Quiet was hard for me. I’d rarely played hide-and-seek without being first found. Plus, the baby I’d been charged with keeping still hardly fit under my arm, being fat and squirmy and smelling—through the powder and baby shampoo—like nothing so much as clabbered milk. There were spiderwebby threads hanging from the bedsprings right in my eyelashes, and the floor through the cloth of my pajama top was a clean slab of ice.

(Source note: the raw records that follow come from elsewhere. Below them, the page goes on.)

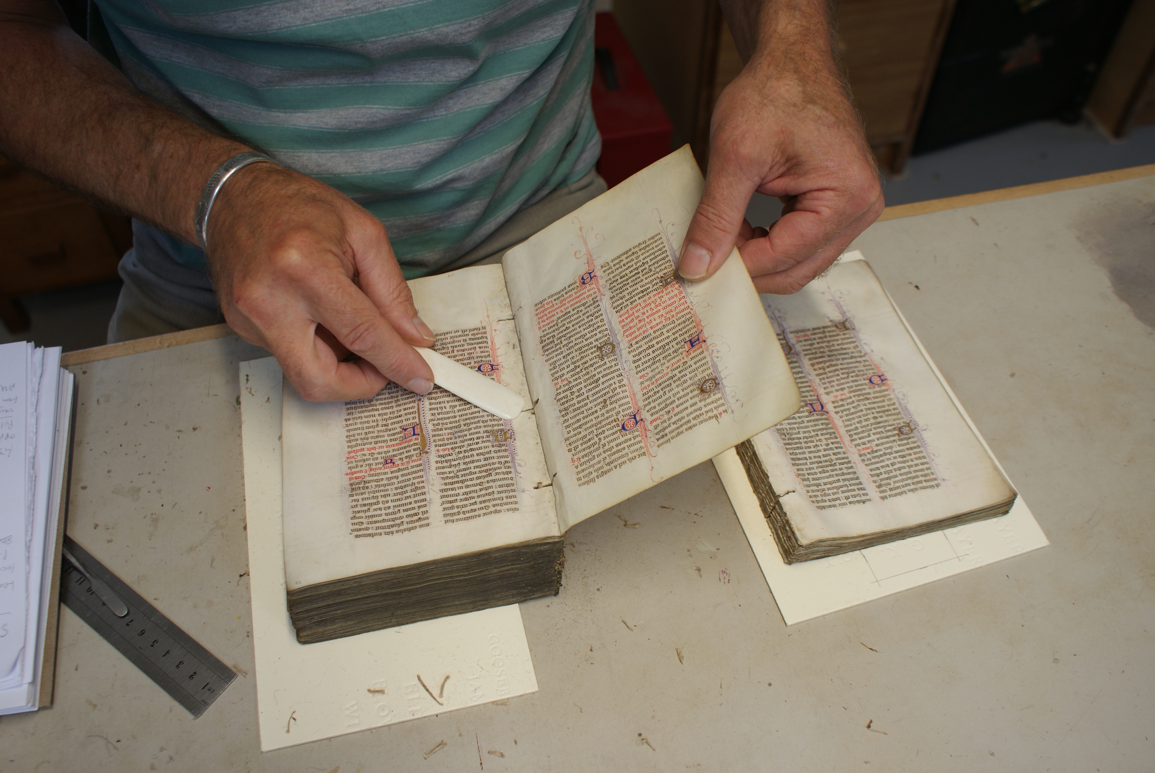 Separating the quires.
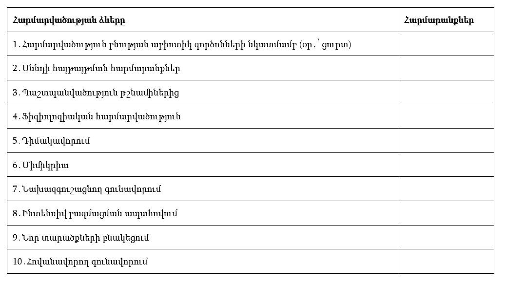 Լրացրե՛ք հարմարվածության աղյուսակը՝ օգտվելով «Հարմարանքներ» քարտ-առաջադրանքներից։
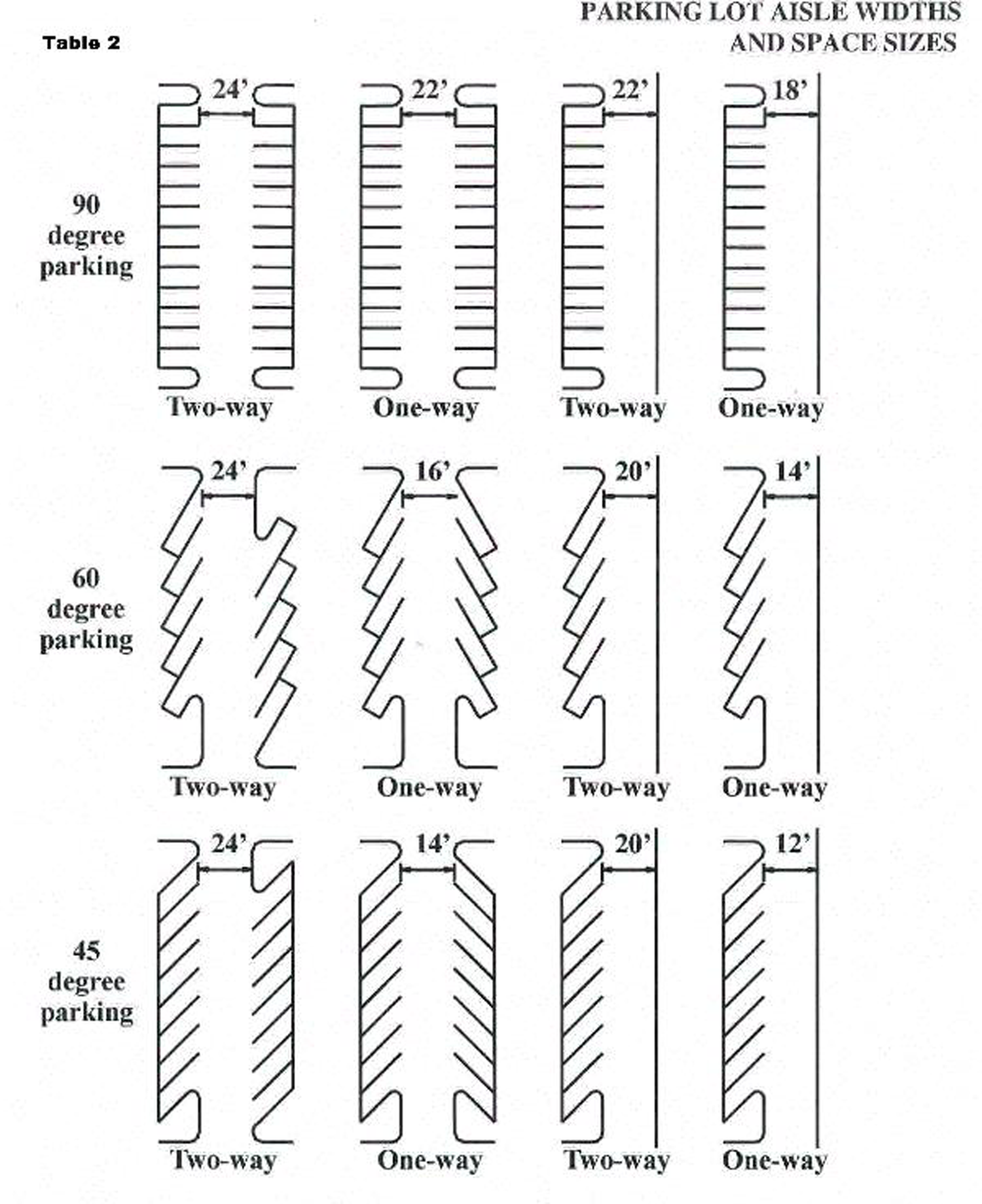 Design and improvement of parking. Please reference tables H-1 and table 2 at the rear of this section (703.00).

While the voices got louder in the kitchen, the baby got squirmier and noisier. Lecia finally elbowed me in the head to do something, so I clapped my hand over its sloppy mouth. In the course of this, though, my index finger somehow poked between its lips. For a second I felt a few stubs of tooth in what otherwise seemed like endless slippery curves of gum, the baby’s fat tongue writhing like a slug. Something about my finger in that mouth seemed so grotesque that when the baby set to gnawing on my knuckle like a teething ring, I reached down my free hand and pinched it on the thigh, pinched it with all my might, which amazingly enough, made it fall quiet lying under me. Under the backwash of guilt I instantly felt about having hurt a baby was a deep pleasure at such blatant meanness, the soft flesh giving way between my fingers like Play-Doh. No sooner had I done it than I longed to do it again. I didn’t dare, of course, for fear the baby would start wailing again, instead of just making the low-level sniffle I’d decided was okay.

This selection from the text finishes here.